* [Recorded data]:
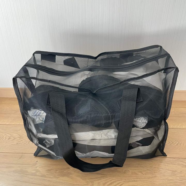 プラスチックケースやビニールバッグだと湿気がこもりやすくカビが心配ですが、通気性の良いメッシュバッグなので、神経質になりすぎずに保管できます。
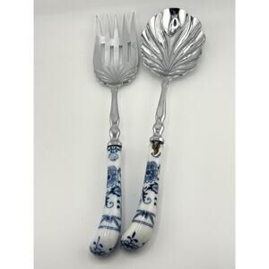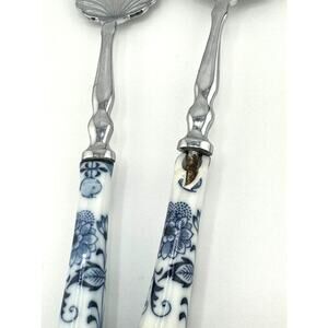 VTG Floraine AE Lewis Sheffield Silverware Serving Large Spoon Fork Porcelain
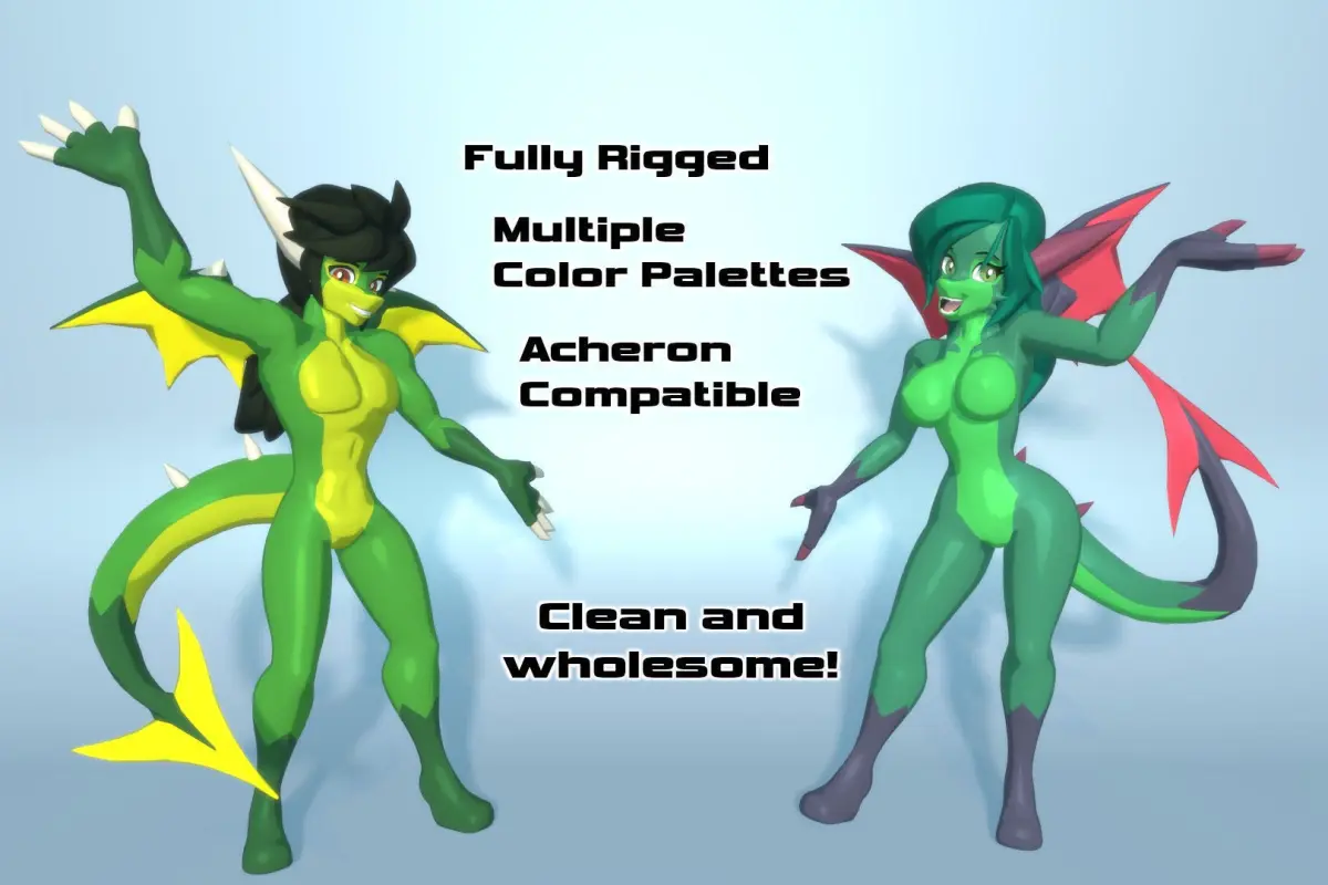 This is the completely clean, fully rigged, base mesh model for Acheron style Drake characters. An exchangable texture with 16 color palettes is included. You can easily add your own, or mix and match to create a unique character for your unique project. Male and female can each use all colors.
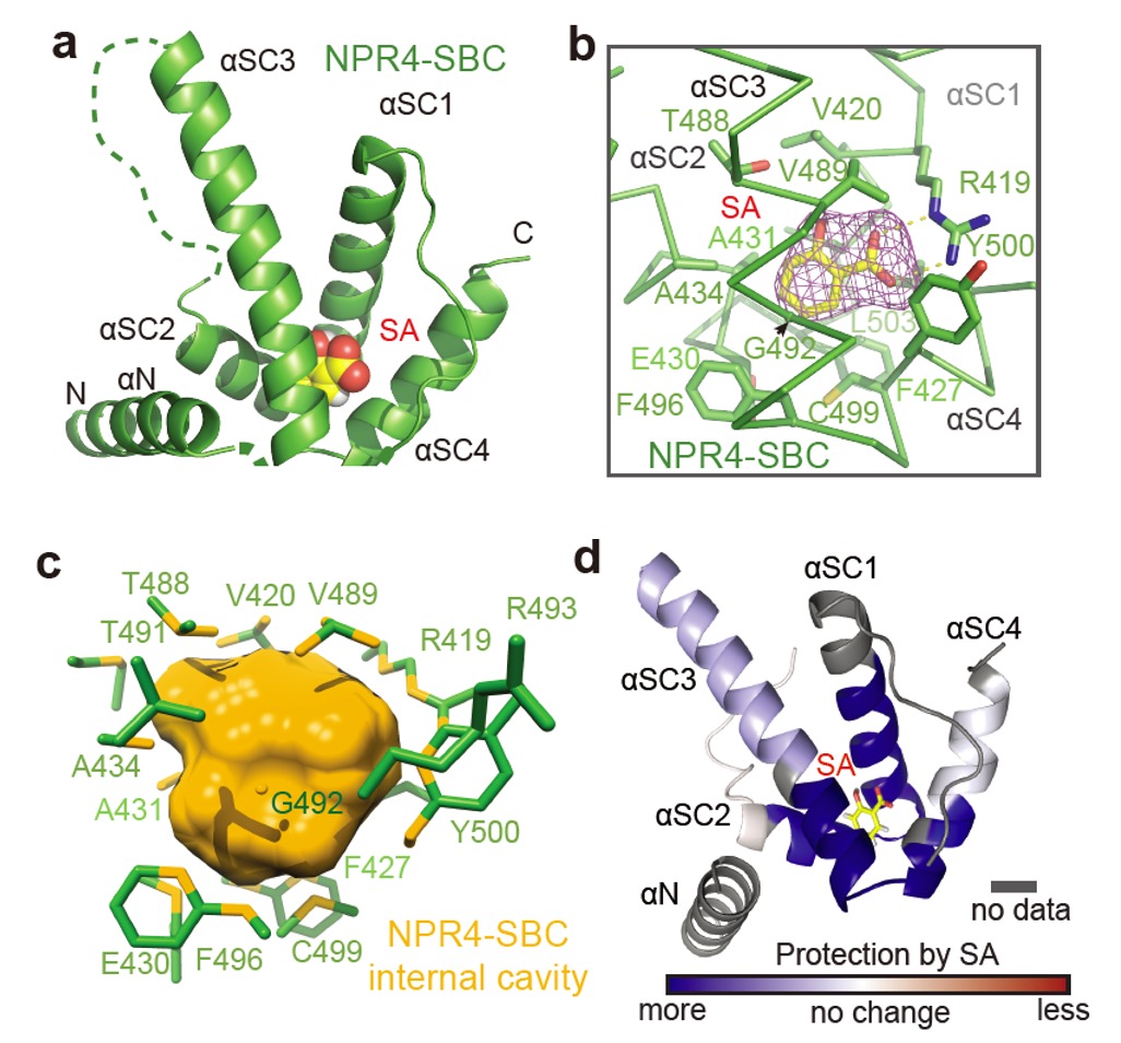 植物激素中的水楊酸 (salicylic acid, SA) 在植物抗病及獲得性免疫過程中起有樞紐作用。盡管在植物抗病反應(yīng)中的關(guān)鍵基因NPR1 (NONEXPRESSOR OF PATHOGENESIS-RELATED GENES 1)早在90年代末就被鑒定出來,NPR家族的另外兩個(gè)成員NPR3和NPR4也在2012年被發(fā)現(xiàn)是SA受體,但對(duì)于NPR蛋白是如何感知SA并協(xié)調(diào)SA信號(hào)轉(zhuǎn)導(dǎo)的分子機(jī)制仍不清楚。在該研究中,研究人員巧妙地利用了胰蛋白酶酶解和氫氘交換質(zhì)譜(HDX-MS) 的方法找到了擬南芥NPR4中直接結(jié)合SA的結(jié)構(gòu)域 (SA binding core, SBC),并通過變復(fù)性的方法,成功獲得了分辨率為2.3?的NPR4-SBC與SA復(fù)合物晶體結(jié)構(gòu),分析發(fā)現(xiàn)NPR1的SBC結(jié)構(gòu)域也能夠以類似方式結(jié)合SA,確認(rèn)了NPR1是SA的受體。該研究揭示了水楊酸與NPR受體結(jié)合的結(jié)構(gòu)基礎(chǔ)和分子機(jī)理;同時(shí),解決了NPR1作為SA受體的爭(zhēng)議。研究結(jié)果為進(jìn)一步了解SA信號(hào)轉(zhuǎn)導(dǎo)及調(diào)控機(jī)制奠定了基礎(chǔ),并為植物抗病基因工程設(shè)計(jì)提供了新的研究思路。
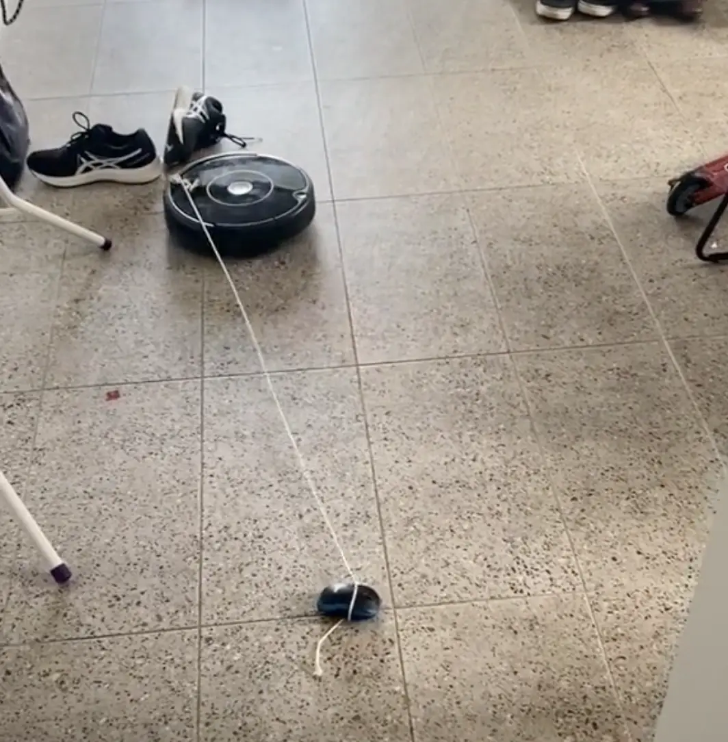 The user posted a video of his computer mouse attached to a robot vacuum cleaner as it drove around the house.

* [Task details]: Stop after the line containing "This is the": copy the records exactly from the first line up to there, leaving pictures out.

* [Result]:
 プラスチックケースやビニールバッグだと湿気がこもりやすくカビが心配ですが、通気性の良いメッシュバッグなので、神経質になりすぎずに保管できます。
 VTG Floraine AE Lewis Sheffield Silverware Serving Large Spoon Fork Porcelain
 This is the completely clean, fully rigged, base mesh model for Acheron style Drake characters. An exchangable texture with 16 color palettes is included. You can easily add your own, or mix and match to create a unique character for your unique project. Male and female can each use all colors.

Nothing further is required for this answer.